Will you not be aware of it?

I will even make a roadway in the wilderness,

Rivers in the desert.

Isaiah 43: 18-19

And so I scribbled this on a piece of notebook paper and put it on my refrigerator door and I tried with all my Good Girl might to believe it. I did not know at the time, He was showing me you have to go through it – to really live it. Now, nearly  9 years past, I’m living in that something new. I’ve seen Him make a roadway out of a wilderness so dark and desperate that it took His Word made flesh to pull me out of the pit.  He has been every kind of faithful.


So you’d think, after such a wilderness experience that this Good Girl would not go back to her Try Hard Life. Why would she?  She had been set free from the rules of the game she herself had scripted.  Not so. Good Girls die hard.

And so the story continues.  Part II:

Wife.

Mother of 4.

Home schooler.

Bible teacher.

Blogger.

Sitting in my room holding my youngest girl, and thoughts invade my head that I have never spoken. What would they think if I voiced them?  Would I seem ungrateful?  How would I talk my way out of how horrible it sounds?

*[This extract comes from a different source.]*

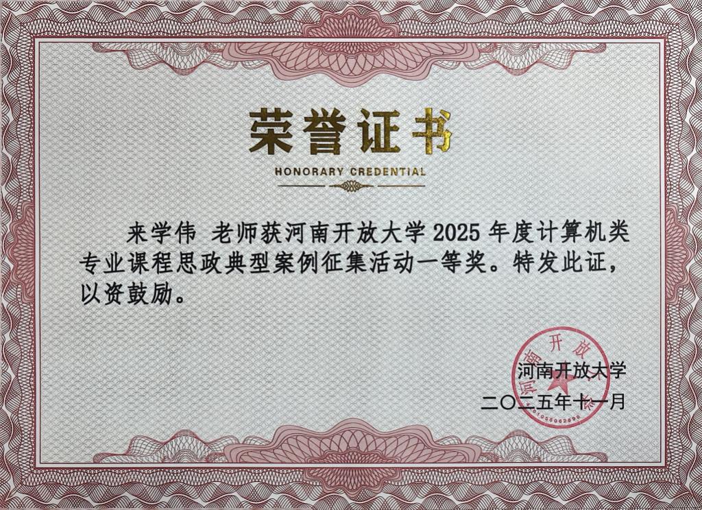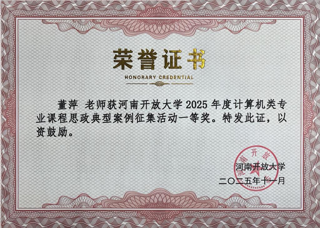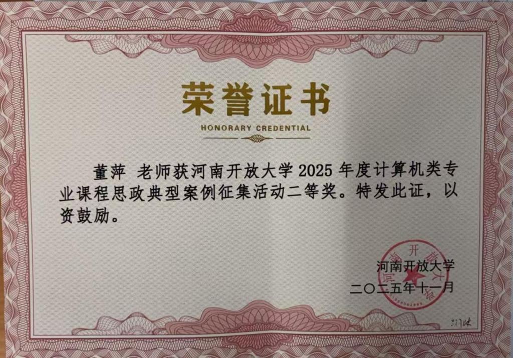 近日,河南开放大学2025年度计算机类专业课程思政典型案例征集活动评选结果正式揭晓,球王会平台教师凭借深厚的教学积淀与创新的育人设计脱颖而出,喜获佳绩!其中两位教师分别斩获一等奖2项、二等奖1项,用扎实的教学实践彰显了球王会平台课程思政建设的丰硕成果。
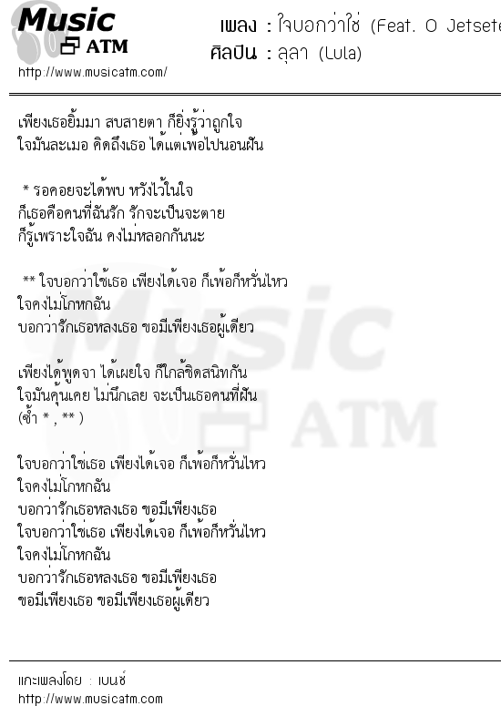 เนื้อเพลง ใจบอกว่าใช่ (Feat. O Jetseter) - ลุลา (Lula)

Sadness covers my soul like a blanket that I can’t wrestle free of.  So I do what any Good Girl would.

I do.
I get up.
I make dinner.
I stuff those feelings of lonely, inadequate, and lost down deep,  and I do.
More.
Faster.
Harder.

Until I break open and anger pours out of my soul like a violent rushing wind and I’m destroying with my mouth the one thing I have seen Him build in spite of me. The blanket of sadness is replaced by guilt and shame and I am silenced and forgiven by those I love most.  For the second time in my life, I am in a situation where I can’t Good Girl my way out of it. I am overwhelmed.  I am seeing my life for what it is: I am not enough.

This is how Grace for the Good Girl found me. Coping and living out my life without so much as a clue as to how to unravel the story.  Good Girls don’t like to draw too much attention, and I was sure I was too tired to figure it out on my own.  The mirror is held up.  I’m seeing and looking and not liking at all what I see.  And my biggest fear has always been that same:

What will they say?  What about my reputation?  Will they still love me?

And I’m trying to hear His words ring in my heart once again:

Grace says you are working from a place of acceptance.

Finally, with book in hand, I’m not making happy little highlights at all. I’m opening doors in my heart that hold stuff I thought I’d dealt with.  I’m facing the Good Girl looking her straight in the eye.  But this time, I have a friend.  A tribe.  And I’ve said it out loud:

My name is Stacey.  I’m a Good Girl trying hard to let go of my Good Girl ways. It isn’t pretty.  It isn’t fun, but if you would be so kind to let me hash it out here on the page, I’d be so grateful.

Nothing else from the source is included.